Overall, the diagnostic plots suggest that the model assumptions are reasonably satisfied, though mild heteroscedasticity remains. This indicates that while the model is valid for interpretation, further improvements such as transformation or robust regression could enhance performance.
model_glance <- glance(model)
model_glance %>%
select(r.squared, adj.r.squared, sigma, statistic, p.value, AIC, BIC) %>%
kable(digits = 3)
| r.squared | adj.r.squared | sigma | statistic | p.value | AIC | BIC |
|---|---|---|---|---|---|---|
| 0.506 | 0.506 | 1.082 | 6501.82 | 0 | 76124.57 | 76173.43 |
This model is useful only if the diagnostics support its assumptions.

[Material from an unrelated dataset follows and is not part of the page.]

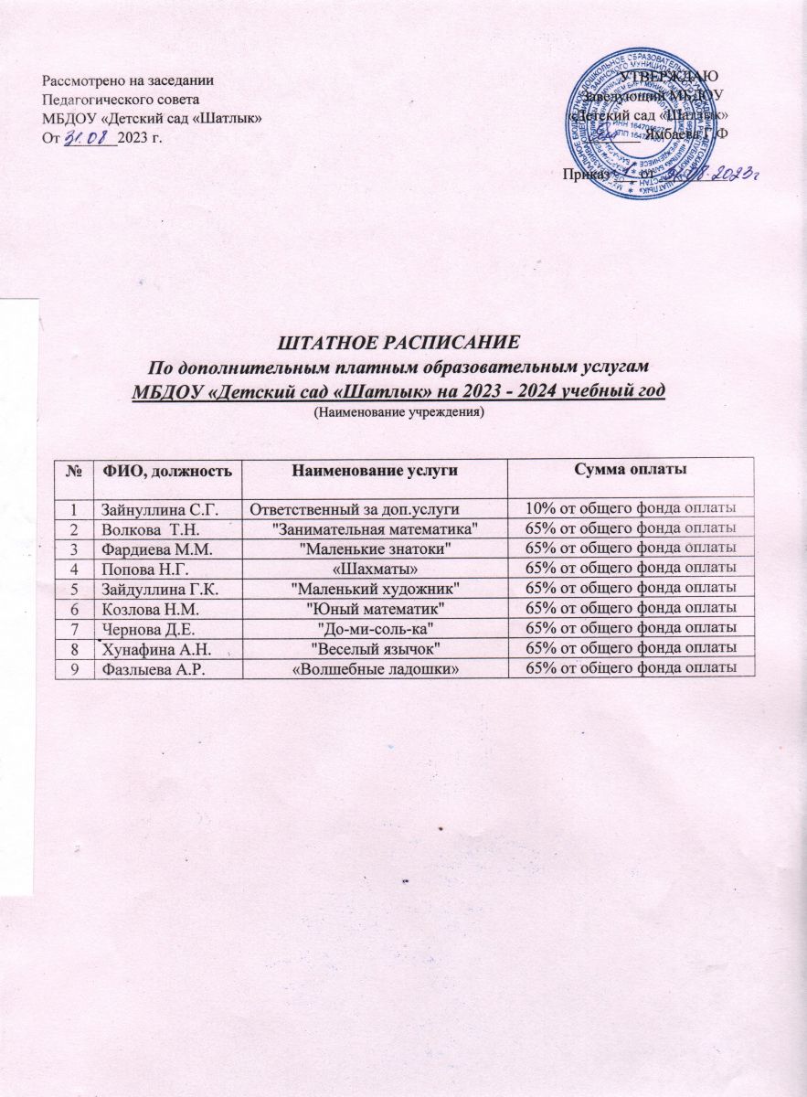 Штатное расписание по дополнительным образовательным услугам на 2023-2024

A statistically significant model with poor diagnostics can still produce misleading conclusions, so the diagnostic review is just as important as the coefficient table.
tidy(model, conf.int = TRUE) %>%
kable(digits = 4)
| term | estimate | std.error | statistic | p.value | conf.low | conf.high |
|---|---|---|---|---|---|---|
| (Intercept) | -9.2451 | 0.1010 | -91.5454 | 0 | -9.4430 | -9.0471 |
| log_gfa | 1.2558 | 0.0091 | 137.3145 | 0 | 1.2379 | 1.2737 |
| energy_star_score | -0.0164 | 0.0003 | -61.0980 | 0 | -0.0170 | -0.0159 |
| office_building | 3.0207 | 0.1959 | 15.4198 | 0 | 2.6367 | 3.4046 |
| log_gfa:office_building | -0.2836 | 0.0172 | -16.5236 | 0 | -0.3172 | -0.2499 |
Because the response variable is log-transformed, the coefficients are interpreted in terms of proportional (percentage) changes in emissions rather than absolute changes.
log_gfa: represents the percentage change in emissions associated with a proportional increase in building size, holding other variables constant. Larger buildings are expected to have higher emissions, though the relationship is modeled on a log scale.
energy_star_score: captures how building efficiency is associated with emissions. A higher energy score is expected to correspond to lower emissions, holding building size and type constant.
office_building: represents the difference in emissions between office and non-office buildings, controlling for size and efficiency.
log_gfa:office_building: indicates whether the relationship between building size and emissions differs for office buildings compared to non-office buildings. This term allows the slope of building size to vary by building type.
Some useful next questions would be:
Overall, the expanded model improves on a one-variable regression by incorporating building size, efficiency, and building-use type. These variables are substantively meaningful and provide a more realistic explanation of the factors driving building emissions. In particular, the inclusion of an interaction term allows the relationship between building size and emissions to vary across building types, which better reflects real-world differences.
The diagnostic analysis provides important context for evaluating the validity of the model. The residual plots suggest that the core assumptions are reasonably satisfied, though there is evidence of mild heteroscedasticity. While this does not invalidate the model, it indicates that variability in emissions increases for larger fitted values, and predictions may be less precise in those regions.
A key takeaway from this analysis is that regression should not stop at coefficient interpretation. Even a statistically significant model can produce misleading conclusions if its assumptions are violated. Diagnostic evaluation is therefore essential to determine whether the model is reliable enough to support interpretation.
One remaining question is whether additional variables—such as building age, occupancy patterns, or energy usage characteristics—could further improve model performance and reduce unexplained variation. Exploring these factors would be a valuable next step for strengthening the analysis.